%%

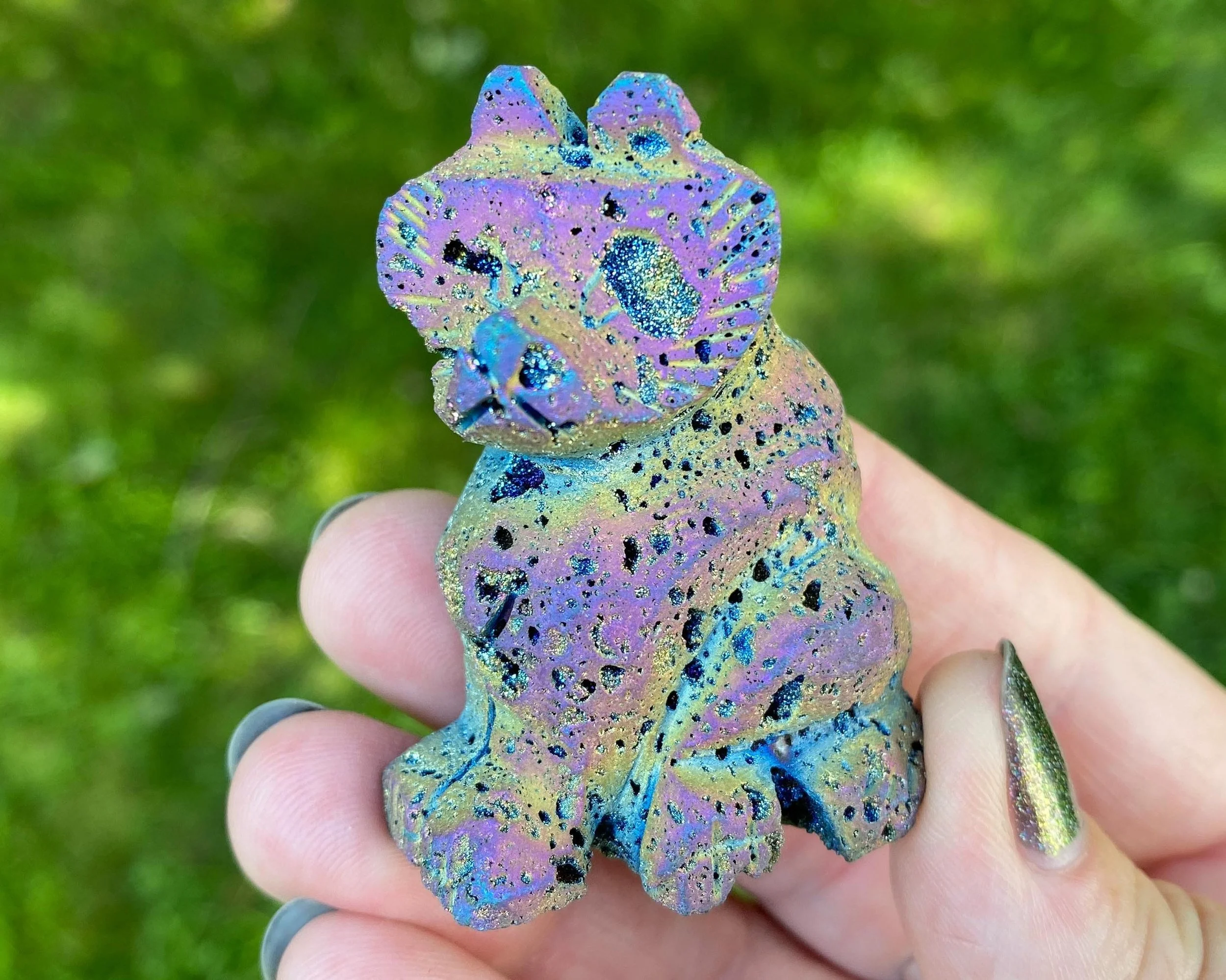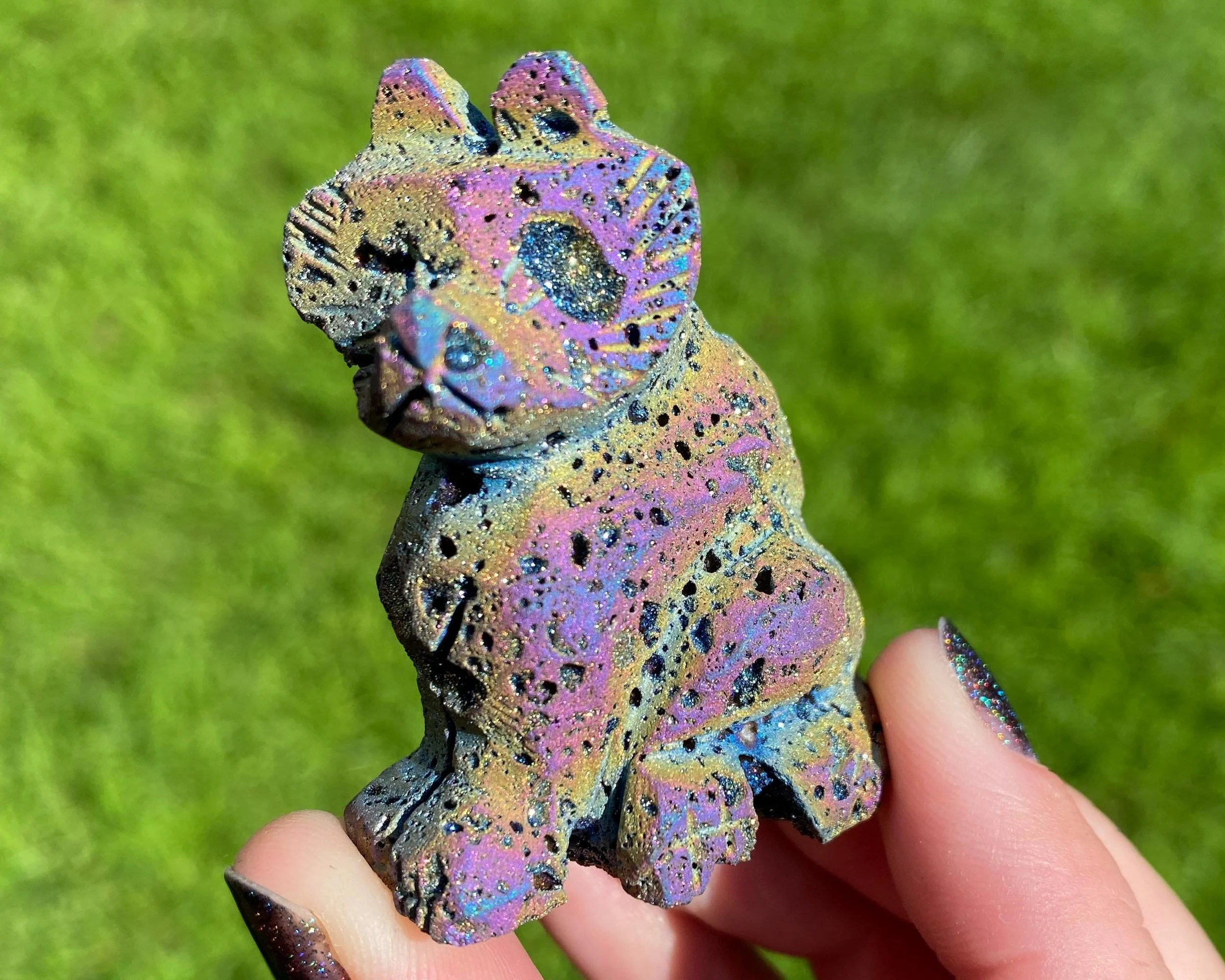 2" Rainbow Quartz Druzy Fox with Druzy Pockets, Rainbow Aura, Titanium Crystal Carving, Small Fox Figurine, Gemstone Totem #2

%%
%%

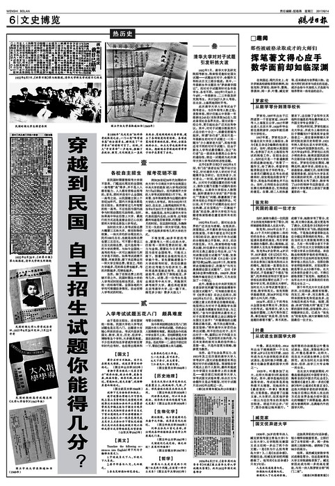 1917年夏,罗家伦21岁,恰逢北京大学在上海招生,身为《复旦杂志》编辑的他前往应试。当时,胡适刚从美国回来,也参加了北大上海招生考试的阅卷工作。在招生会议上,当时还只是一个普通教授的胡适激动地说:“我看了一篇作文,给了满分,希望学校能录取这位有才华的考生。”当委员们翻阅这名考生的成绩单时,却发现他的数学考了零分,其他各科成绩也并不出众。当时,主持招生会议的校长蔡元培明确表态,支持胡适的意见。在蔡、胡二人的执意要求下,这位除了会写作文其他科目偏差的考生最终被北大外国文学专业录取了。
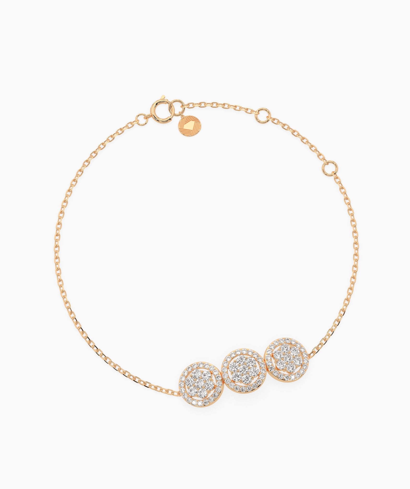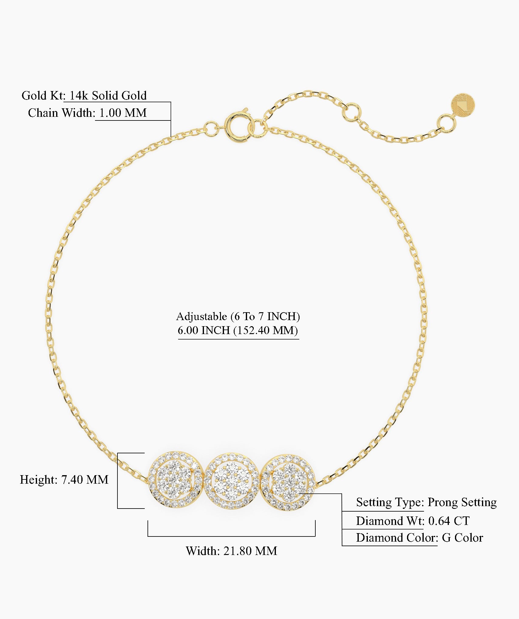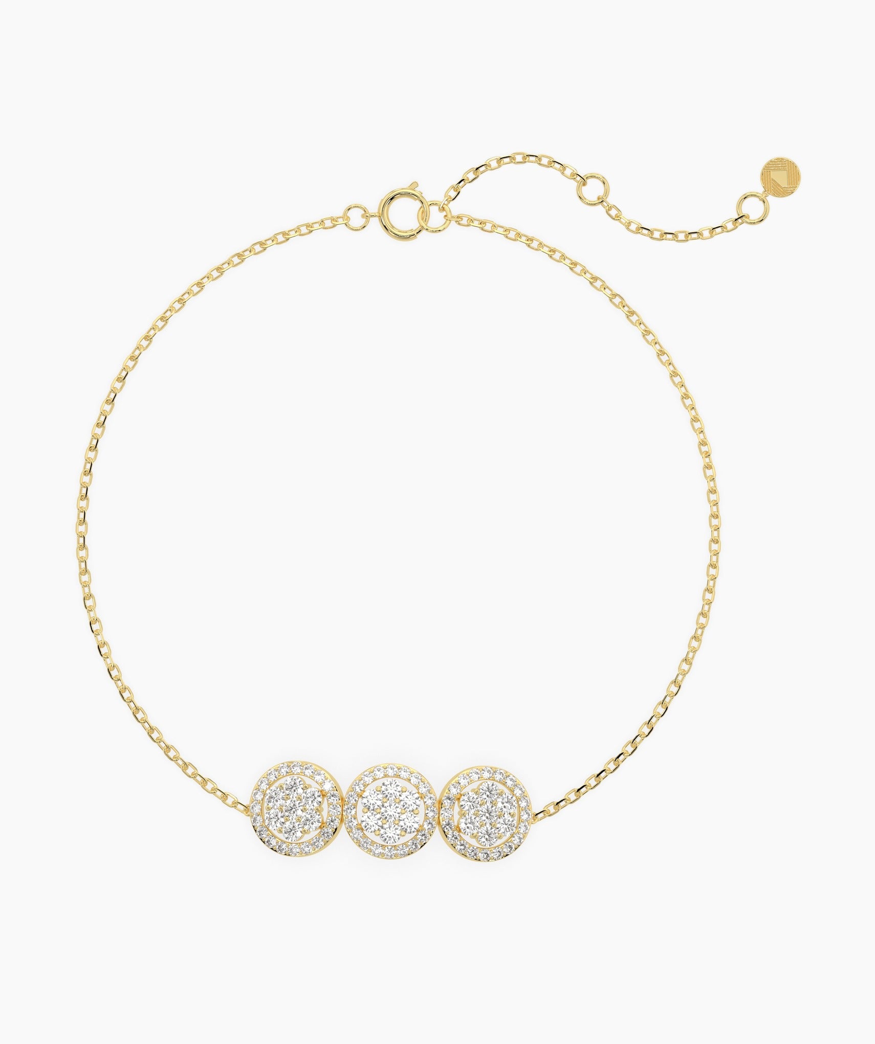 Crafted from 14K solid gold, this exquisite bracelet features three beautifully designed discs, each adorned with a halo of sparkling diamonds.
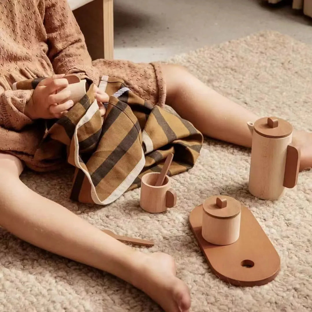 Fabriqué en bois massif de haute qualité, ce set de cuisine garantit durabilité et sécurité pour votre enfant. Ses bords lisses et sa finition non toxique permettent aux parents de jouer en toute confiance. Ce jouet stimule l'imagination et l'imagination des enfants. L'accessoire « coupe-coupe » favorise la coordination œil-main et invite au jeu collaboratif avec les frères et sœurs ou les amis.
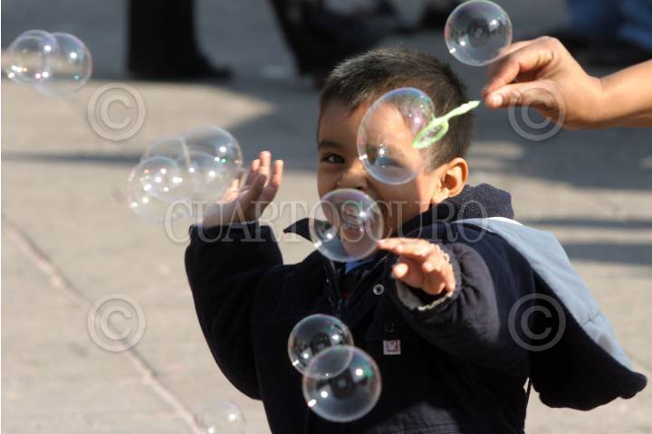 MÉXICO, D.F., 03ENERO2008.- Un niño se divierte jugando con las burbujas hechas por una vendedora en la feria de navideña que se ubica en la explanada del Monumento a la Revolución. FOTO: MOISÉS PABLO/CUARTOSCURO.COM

%%
%%

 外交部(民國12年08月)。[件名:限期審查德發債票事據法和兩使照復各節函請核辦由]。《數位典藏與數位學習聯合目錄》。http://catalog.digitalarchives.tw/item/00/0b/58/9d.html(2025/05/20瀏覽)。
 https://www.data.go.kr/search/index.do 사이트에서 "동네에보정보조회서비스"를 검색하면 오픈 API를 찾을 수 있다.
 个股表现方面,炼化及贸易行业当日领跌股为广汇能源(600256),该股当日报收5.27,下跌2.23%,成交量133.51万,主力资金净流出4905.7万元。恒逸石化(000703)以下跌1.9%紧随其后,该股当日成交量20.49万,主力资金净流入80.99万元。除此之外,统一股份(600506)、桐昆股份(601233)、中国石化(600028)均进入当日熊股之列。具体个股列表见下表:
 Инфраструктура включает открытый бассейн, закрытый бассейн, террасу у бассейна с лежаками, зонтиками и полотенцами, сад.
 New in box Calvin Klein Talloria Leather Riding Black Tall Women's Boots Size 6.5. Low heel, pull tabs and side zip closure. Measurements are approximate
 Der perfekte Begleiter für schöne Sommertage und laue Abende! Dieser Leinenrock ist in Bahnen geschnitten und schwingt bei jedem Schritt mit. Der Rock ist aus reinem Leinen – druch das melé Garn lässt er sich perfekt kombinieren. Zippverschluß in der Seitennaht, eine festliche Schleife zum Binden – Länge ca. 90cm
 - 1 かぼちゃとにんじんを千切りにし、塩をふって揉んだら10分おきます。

%%

- Exercise goal -
Everything from the line with "Crafted from 14K" through the line with "MÉXICO, D.F., 03ENERO2008.- Un" in the material above should be transcribed exactly, except the pictures.

- Exercise result -
 Crafted from 14K solid gold, this exquisite bracelet features three beautifully designed discs, each adorned with a halo of sparkling diamonds.
 Fabriqué en bois massif de haute qualité, ce set de cuisine garantit durabilité et sécurité pour votre enfant. Ses bords lisses et sa finition non toxique permettent aux parents de jouer en toute confiance. Ce jouet stimule l'imagination et l'imagination des enfants. L'accessoire « coupe-coupe » favorise la coordination œil-main et invite au jeu collaboratif avec les frères et sœurs ou les amis.
 MÉXICO, D.F., 03ENERO2008.- Un niño se divierte jugando con las burbujas hechas por una vendedora en la feria de navideña que se ubica en la explanada del Monumento a la Revolución. FOTO: MOISÉS PABLO/CUARTOSCURO.COM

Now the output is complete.